For domestic vehicles, Guerrero said he uses aftermarket and OEM scan tools, and his Autologic scan tool has complete European-make capabilities, which he also praised for the company’s technical support.
“If you run into a scanner function that you haven’t seen before, you can call them up and they’ll walk you through it. It saves so much time,” he said.
Guerrero values “second opinions” from both scan tools and service information, and said he takes time to thoroughly research a problem before digging in.
Some aftermarket scan tools can lead a technician down the wrong path, he said, by, as one example, incorrectly translating the BMW terminology into the global P0 code. And in resetting a BMW steering angle sensor when performing an alignment, some aftermarket scan tools will lock up and not perform the test properly, he said. He did praise his Autel MaxiSys as an accurate aftermarket scan tool for most situations.
“I don’t like to be limited on anything,” he said. “I’ve used them enough to know which one to grab right off the bat and which one’s going to tell me the right information.”
For service information and diagnostic aids, he uses AllData, Identifix, iATN, and www.OEM1stop.com. Sometimes, part of the diagnostic procedure is missing from one information source, he said, or part of a wiring diagram is incomplete or inaccurately drawn.
“I skim through the whole process before I even touch the car,” he said. “And if something doesn’t make sense, I will go another direction and skim that. Between the two, I get the information I need to proceed.”
To complete the sales cycle, Summer Guerrero said for some customers it’s a benefit for the service advisor to go on a post-repair test drive to demonstrate the repair fixed their concern and to add value to the repair.
After Hours is a AAA-Approved Auto Repair facility, and as a Bumper to Bumper Certified Service Center through Garnett Auto Supply, offers a nationwide 24-month, 24,000-mile warranty.

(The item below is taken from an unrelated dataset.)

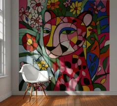 Questo dipinto di grande impatto presenta una tigre in stile cubista con forme geometriche audaci e colori vivaci. Il volto della tigre è frammentato in forme astratte che ricordano lo stile di Picasso, con angoli acuti e piani sovrapposti. Lo sfondo è un mix vibrante di motivi floreali in tonalità vivaci, che creano un'atmosfera dinamica ed espressiva. La combinazione di cubismo ed elementi floreali conferisce all'opera un equilibrio unico tra energia selvaggia e bellezza delicata, rendendola un'accattivante dichiarazione d'amore e creatività.

It has grown over the past eight years from a fledgling two-bay shop to its current six-bay shop, motivated by the couple’s dreams of business ownership.
“We didn’t grow up in a business knowing how to run one,” Summer Guerrero said, noting the couple found a wealth of assistance through the Kansas Small Business Development Center. As a firefighter at the time, Guerrero said she worked shifts of 24 hours on, 48 hours off, which gave her some time to take business classes through the Center at low or no cost.
The Center’s assistant director, Alan Badgley, presented the couple with the 2014 Emerging Business of the Year award for their efforts and success. He still assists the shop as operational questions arise, and the Guerreros now also use consulting and training company Management Success to take the business to the next level, including assisting with personnel issues or questions about finance.
Over the past two years, the two have been active in growing the Wichita chapter of the Automotive Service Association (ASA) of the Midwest, for which Mark Guerrero serves as Wichita chapter president. The shop has also taken home an award in the past two years of ASA-Midwest’s Vision Hi-Tech Training & Expo, Facility of the Year in 2015, Website of the Year in 2016.
“Being in ASA has helped us because now we’re sharing information with people who have been in the business a long time,” Summer Guerrero said. “All of us have something to learn from each other.”